» Requirement:
Retype every line from the start of the entries below down to the line with "List of Retiring", both ends included; skip the pictures.

» Input for this task:
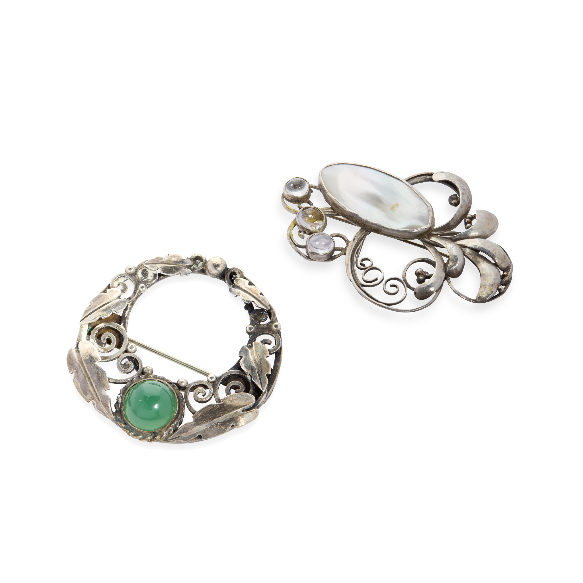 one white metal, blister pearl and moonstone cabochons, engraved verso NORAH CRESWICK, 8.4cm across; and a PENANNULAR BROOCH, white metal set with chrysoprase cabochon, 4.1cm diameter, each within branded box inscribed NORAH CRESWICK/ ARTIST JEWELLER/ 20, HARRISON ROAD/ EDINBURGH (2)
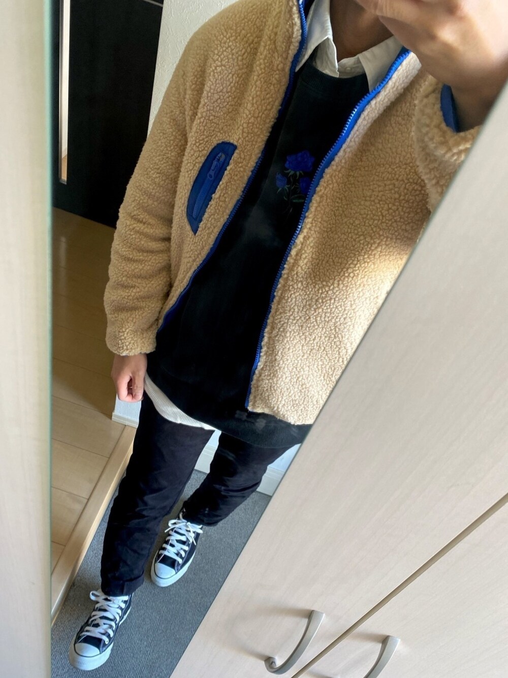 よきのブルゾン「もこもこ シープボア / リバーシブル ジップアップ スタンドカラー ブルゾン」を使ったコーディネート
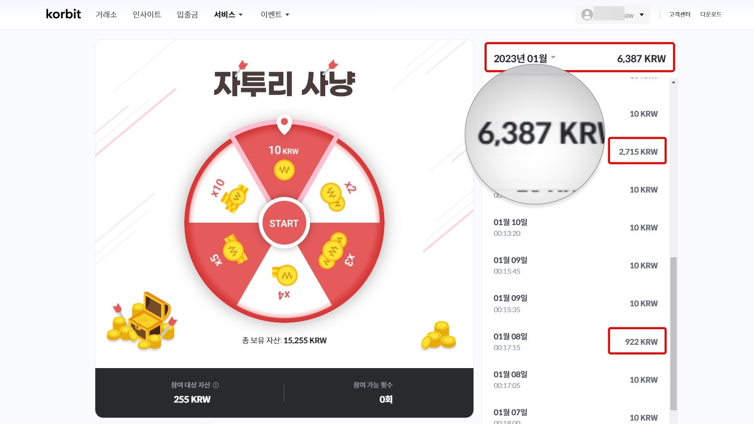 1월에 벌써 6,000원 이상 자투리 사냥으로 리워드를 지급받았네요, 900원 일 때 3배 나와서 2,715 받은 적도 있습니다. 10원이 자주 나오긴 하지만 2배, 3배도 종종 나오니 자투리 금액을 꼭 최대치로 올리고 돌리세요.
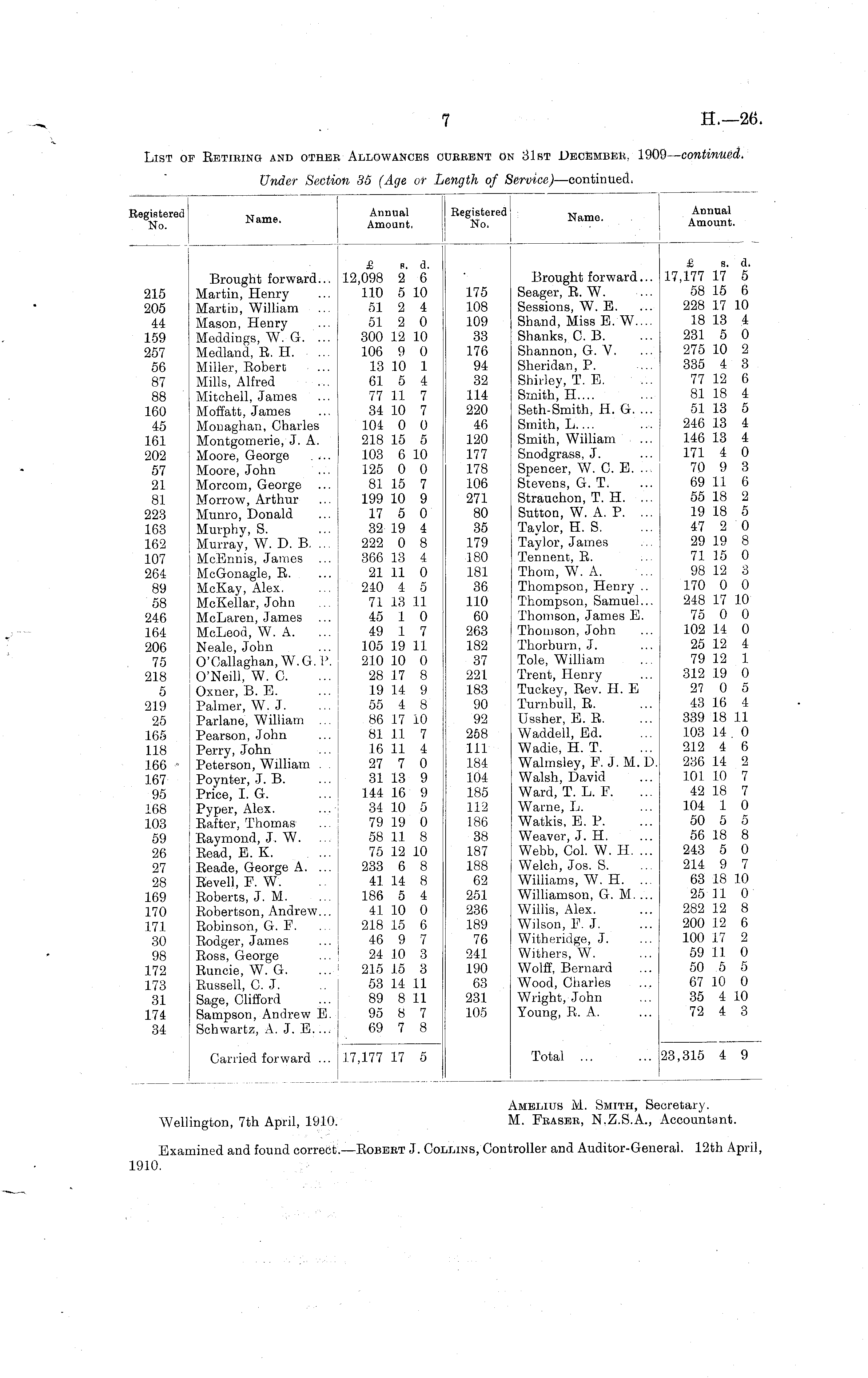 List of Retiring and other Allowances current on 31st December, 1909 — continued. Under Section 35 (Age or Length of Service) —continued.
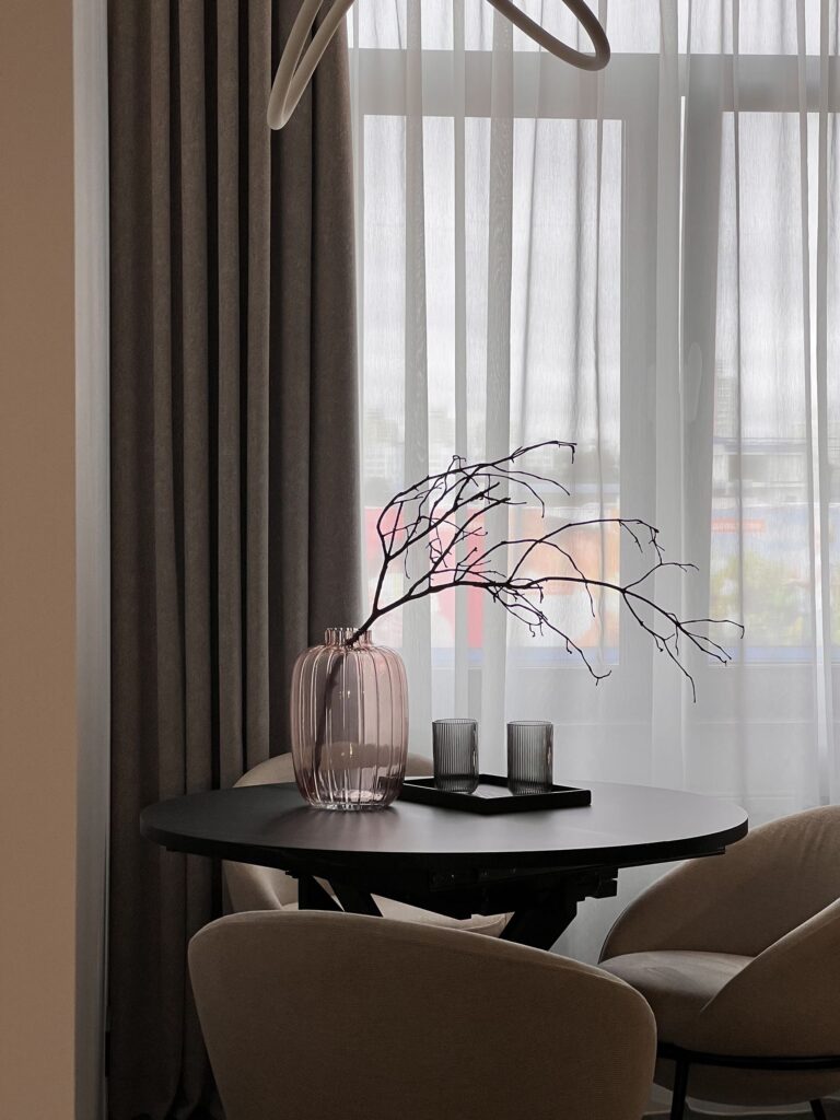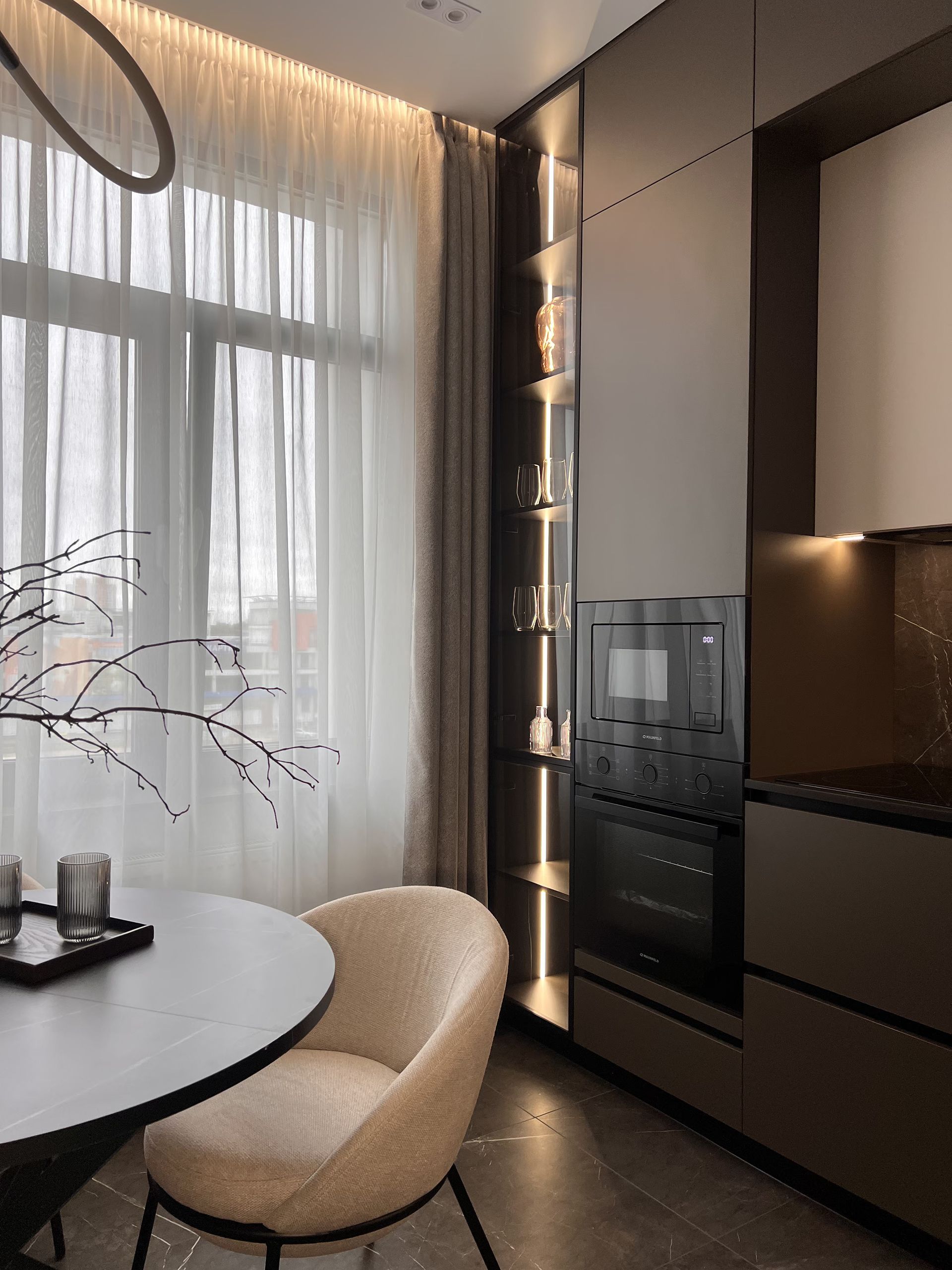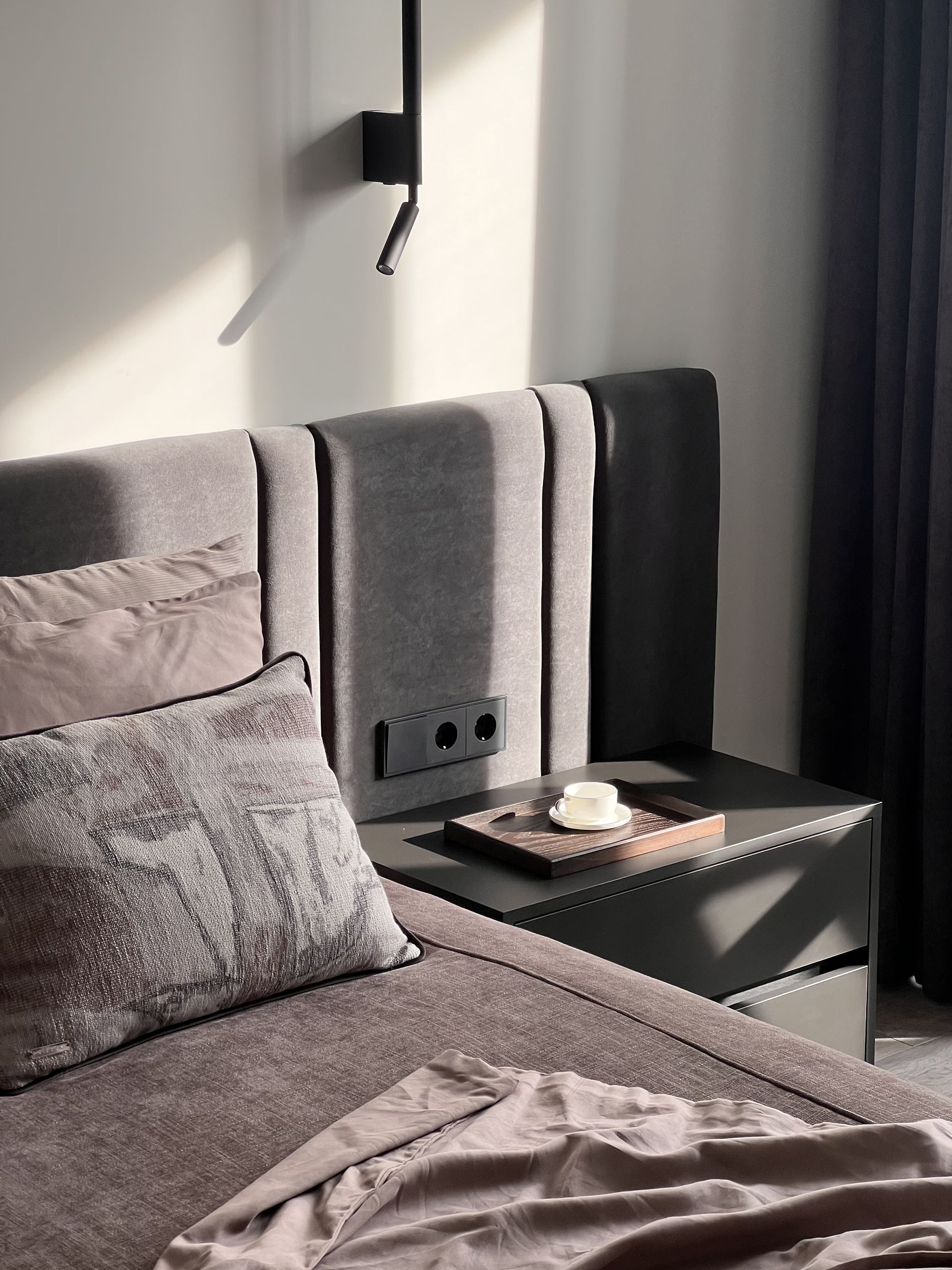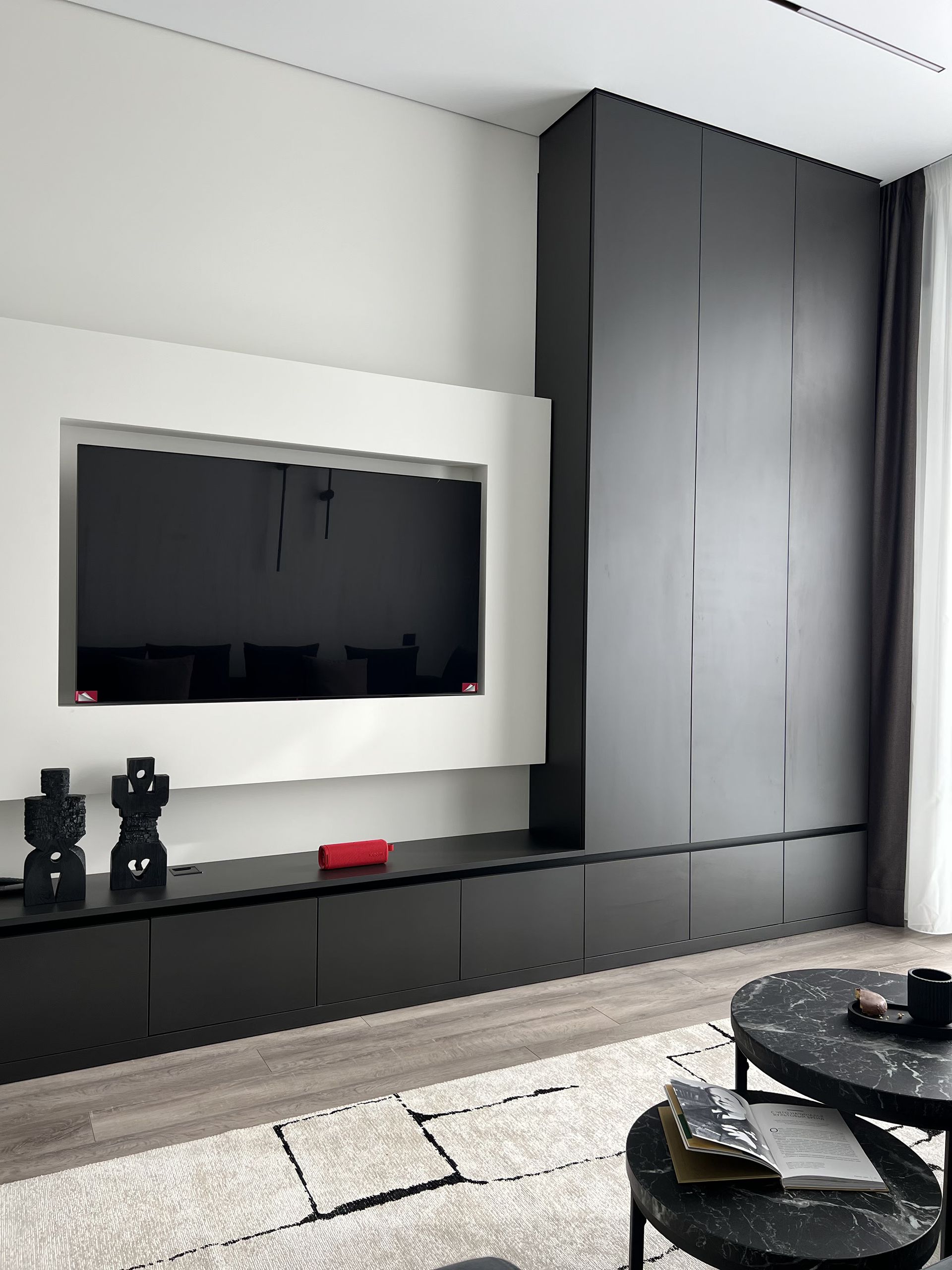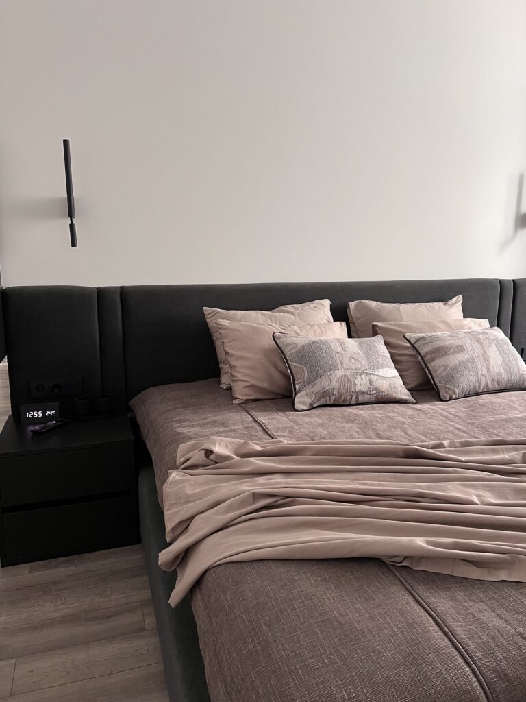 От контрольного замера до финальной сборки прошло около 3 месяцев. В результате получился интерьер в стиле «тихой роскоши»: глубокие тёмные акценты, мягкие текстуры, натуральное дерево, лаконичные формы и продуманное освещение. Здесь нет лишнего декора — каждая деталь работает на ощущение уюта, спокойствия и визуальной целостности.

» Solution:
 one white metal, blister pearl and moonstone cabochons, engraved verso NORAH CRESWICK, 8.4cm across; and a PENANNULAR BROOCH, white metal set with chrysoprase cabochon, 4.1cm diameter, each within branded box inscribed NORAH CRESWICK/ ARTIST JEWELLER/ 20, HARRISON ROAD/ EDINBURGH (2)
 よきのブルゾン「もこもこ シープボア / リバーシブル ジップアップ スタンドカラー ブルゾン」を使ったコーディネート
 1월에 벌써 6,000원 이상 자투리 사냥으로 리워드를 지급받았네요, 900원 일 때 3배 나와서 2,715 받은 적도 있습니다. 10원이 자주 나오긴 하지만 2배, 3배도 종종 나오니 자투리 금액을 꼭 최대치로 올리고 돌리세요.
 List of Retiring and other Allowances current on 31st December, 1909 — continued. Under Section 35 (Age or Length of Service) —continued.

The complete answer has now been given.